The real estate industry has been literally turned upside down over the past few years, first driven by the post-COVID residential housing market mania to the imminent bust in the commercial real estate market. In addition, rising interest rates have impacted everything from home affordability to capital access for commercial developers. What better time to bring Jeff Langbaum, the Senior REIT Analyst at Bloomberg, into the ETF Think Tank to talk about the state of the industry and where the biggest trouble spots lie.
In terms of what the overall REIT marketplace looks like, Langbaum says that if you focused only on what you hear in the financial news, you’d think that everything is office buildings, there’s no capital available, and everything is going to zero. While that’s somewhat true in office space, it is not true elsewhere. Industrial warehouse demand is still huge. Senior housing is another big growth area. Many rents are continuing to grow, so there’s still potential there as well. The biggest challenge right now is getting an accurate assessment of property values because so few properties are actually changing hands.
A lot of why parts of the real estate market are seizing is the disconnect of expectations between buyers and sellers. Buyers only want to pay a price based on their perception of current market conditions. A lot of sellers are still holding out until they get their asking prices. Many people don’t understand how or why values are coming down and that’s contributed to a significant drop in activity.

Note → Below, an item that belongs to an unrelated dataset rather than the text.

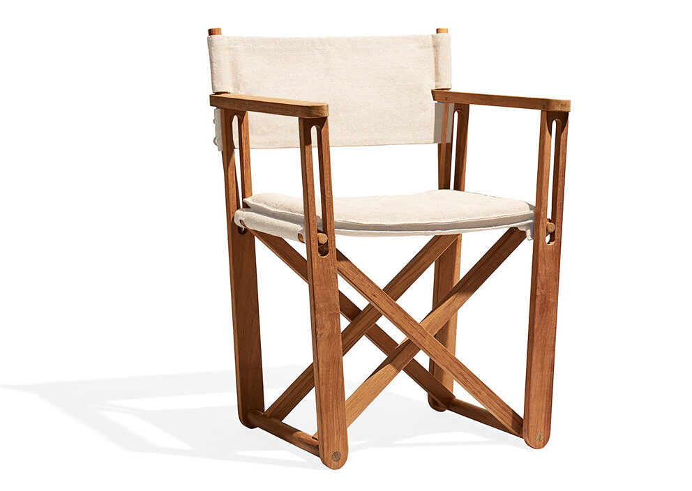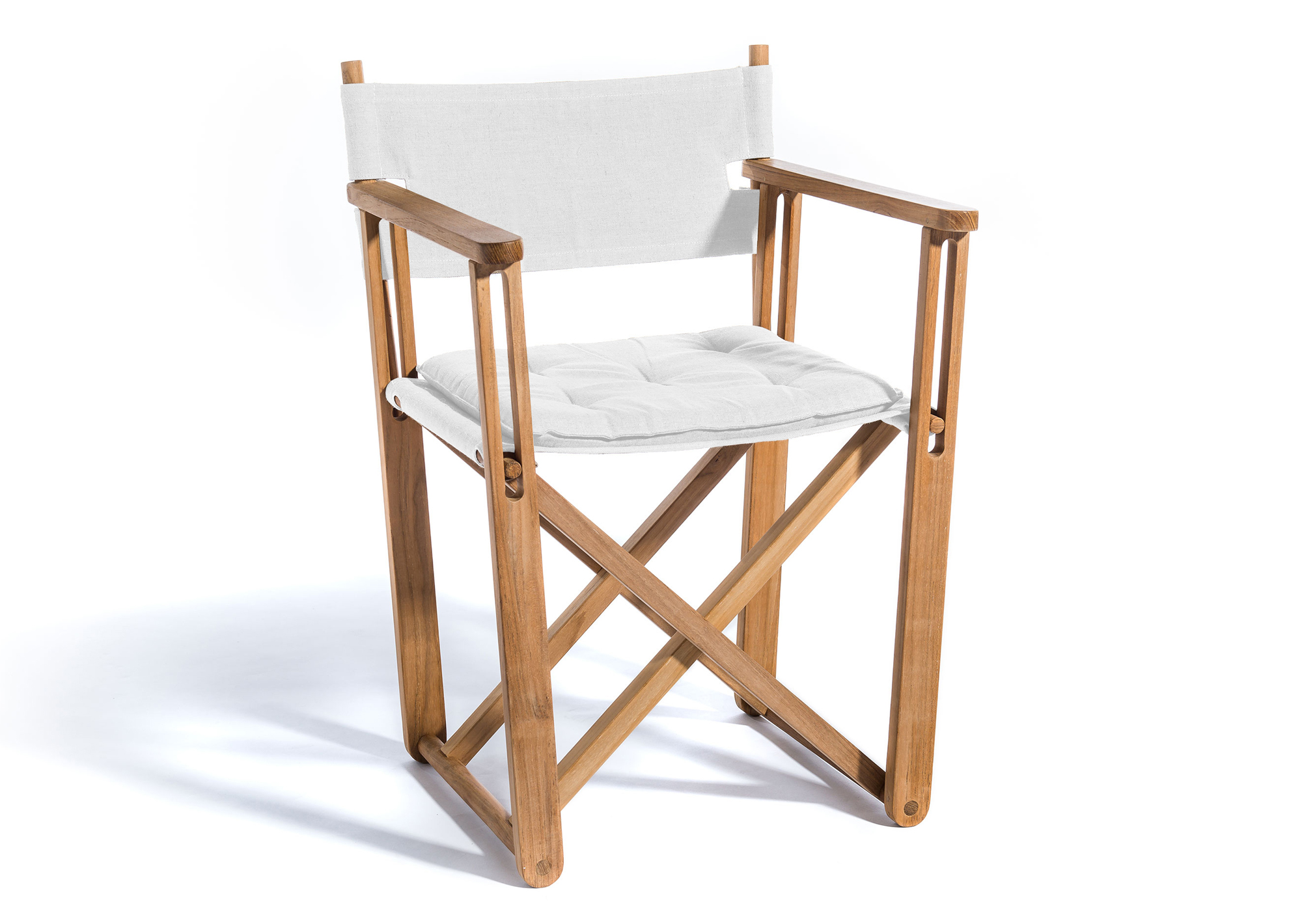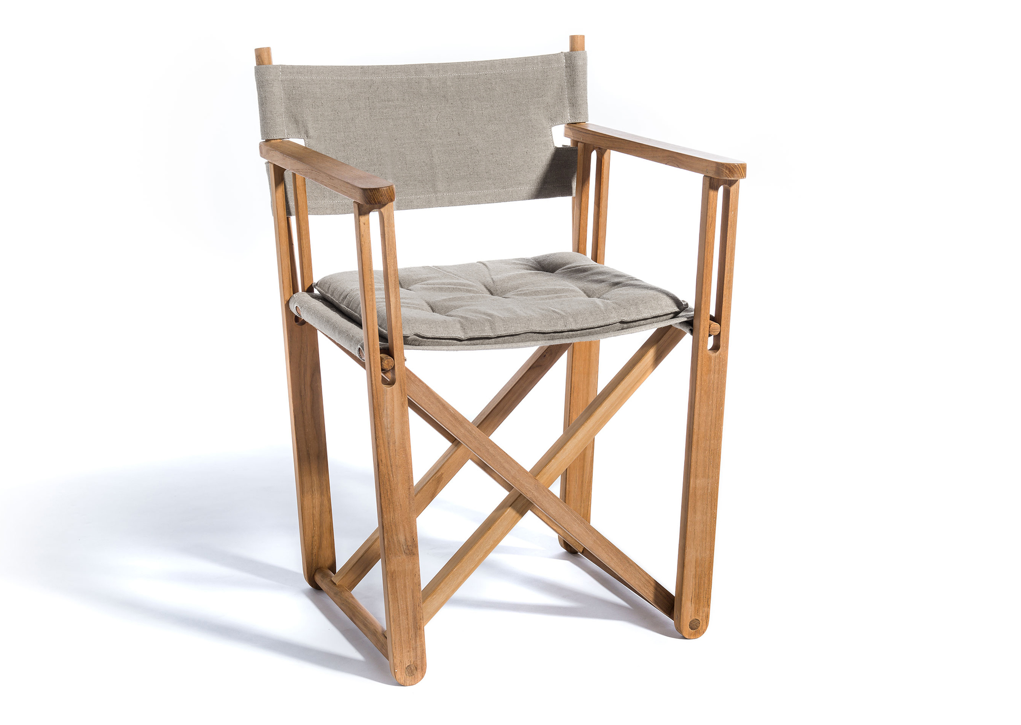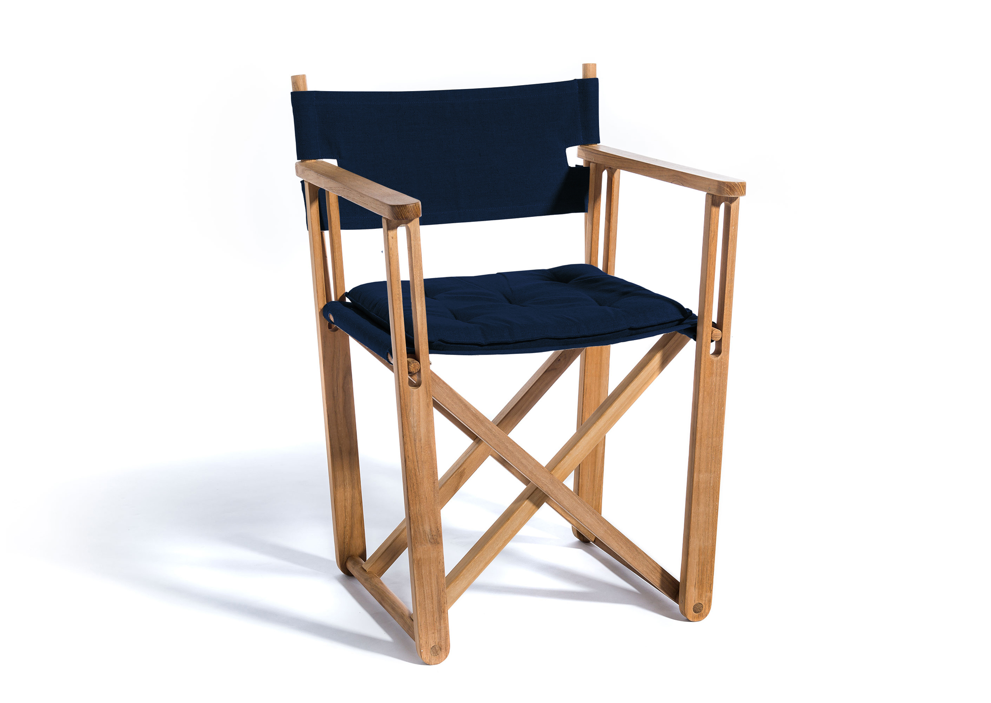 En regissörsstol med stil. Stommen är i teak och tyget är Sunbrella som är det bästa som går att få tag på för utemiljö.

Higher interest rates will impact property owners & developers because of the need to refinance existing debt. Langbaum says this phenomenon is already happening. He notes that REITs tend to operate with less leverage than private real estate, so they may be less impacted. They also have better access to capital. In a situation where you may need to maintain a minimum loan-to-value, you’ll need to either put up incremental value or walk away. Some are already starting to do the latter. REITs may end up being the provider of capital by bailing out developers who are coming up short.
Right now, Langbaum says there’s a massive variability in yields. He says that the income generated doesn’t react as quickly as share prices react. In some cases, yields may have spiked because dividends are elevated at the same time that share prices took a beating. Some REITs may need to decide if paying cash is the best use of capital. Paying dividends in stock instead of cash might develop into a new trend.
What are some of the weaker regions in the market right now? San Francisco is a major problem for many reasons. They got a little bit of a reprieve during the AI boom, but I don’t think that sustains for long. San Francisco is a big market for REITs, but it’s going to take a lot to get that market turned around. Tech companies are slowly becoming less willing to let people work remotely and that could change the environment. In New York City, there’s strength in residential housing and concerns about office space. The Sun Belt is setting up for a cooling period after the rush of people wanting to move there during COVID. Until the coastal assets fall into the water, demand in Miami is still through the roof.
Other key takeaways:
- The trend towards converting office space into living space can’t happen quickly. It might be easier for older buildings, but it won’t be the panacea that everyone is hoping for. It will likely happen, but to a much lesser degree.
- International REIT players and property owners are going through a similar dynamic to that of the United States even though some factors may vary.
- Another potential source of supply/demand could come from households where the homes are paid off. They can relocate without taking out a new loan if they’re downsizing.
- Insurance costs are going to be a big issue coming in some of the southern markets. Premiums on Florida apartments are doubling each year.
Everybody is waiting for rates to come back down, but Langbaum doesn’t feel like we’re getting there anytime soon.